Misplaced cuts

Federal cuts in home health care funding will cost taxpayers in the long run.

Government officials looking for ways to cut budgets sometimes make decisions that may produce a short-term gain but a long-term loss.

A number of issues now being faced by the Kansas Legislature probably fall into that category, but one decision that already has been made by federal lawmakers almost certainly will have that effect.

Despite a bipartisan outcry from many members of Congress as well as industry groups, the Bush administration apparently is determined to follow through on a 1997 action, taken during the Clinton administration, that will cut Medicare benefits for home health care by 15 percent by Oct. 1 of this year.

The cuts to home care programs already have been devastating.
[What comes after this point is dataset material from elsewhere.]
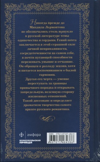 Михаил Юрьевич Лермонтов. Солнце осени. Том 8В данный момент этот товар отсутствует в продаже. Возможно, у нас найдется аналогичный или похожий товар здесь. Серия: Великие поэты Никогда прежде до Михаила Лермонтова не обозначались столь выпукло в русской литературе темы одиночества и гордыни. Гений поэта заключается в этой страшной силе личной неприкаянности, сосредоточенности на самом себе, в почти пугающей способности переживать уныние и отчаяние. Он обращен к разладу жизни, хотя и питается воспоминанием о былой гармонии. Другая его черта - умение переступать за границы привычного порядка и открывать запредельную, неземную сторону жизненных отношений. Такой диссонанс и определяет драматизм творчества самого яркого русского романтика. |

According to the National Association for Home Care, about 3,500 home care agencies (a third of the nation’s total) have gone out of business or dropped out of Medicare since 1997. NAHC also estimates that nearly 1 million fewer Medicare beneficiaries are qualifying for Medicare-reimbursed home care now than in 1997.

Those people either aren’t receiving services or are being placed in nursing homes or other institutions where care is far more costly. In many cases, the cost of that institutional care is being covered by Medicaid, a state responsibility. Are we seeing a connection yet? Kansas’ Medicaid costs are one of several items putting a severe strain on the state’s social services budget. As it too often does, the federal government has shifted responsibilities to the state without providing any funding to carry out those responsibilities.

But the greatest toll taken by this reduction in home health funding is the human one. Who knows how many people who could have remained in their homes with a limited amount of home health assistance are now being forced into institutions? Providing nursing home care for these people not only raises the cost of care but reduces the dignity and independence of the people being served.

To make matters worse, the action that has caused this problem apparently was a mistake. The 1997 action was intended to cut about $16.5 billion in home care benefits in five years, but actually would cut more than $72 billion. Many members of Congress are concerned about the problem and have signed letters urging that the issue be revisited. However, through the Department of Health and Human Services, Bush has taken the position that Congress should not prevent the 15 percent cut from going into effect.

We don’t pretend to understand every facet of the federal budget that will be affected by this decision, but a few effects are obvious. The cut will raise the cost of providing care by pushing more people into nursing homes, it will shift more of the cost of providing that care to state Medicaid programs, and it will take a human toll that most Americans would simply find unacceptable.

The 15 percent cut doesn’t seem to make sense on any level. Congress and the president should take another look at this action before allowing it to take effect on Oct. 1.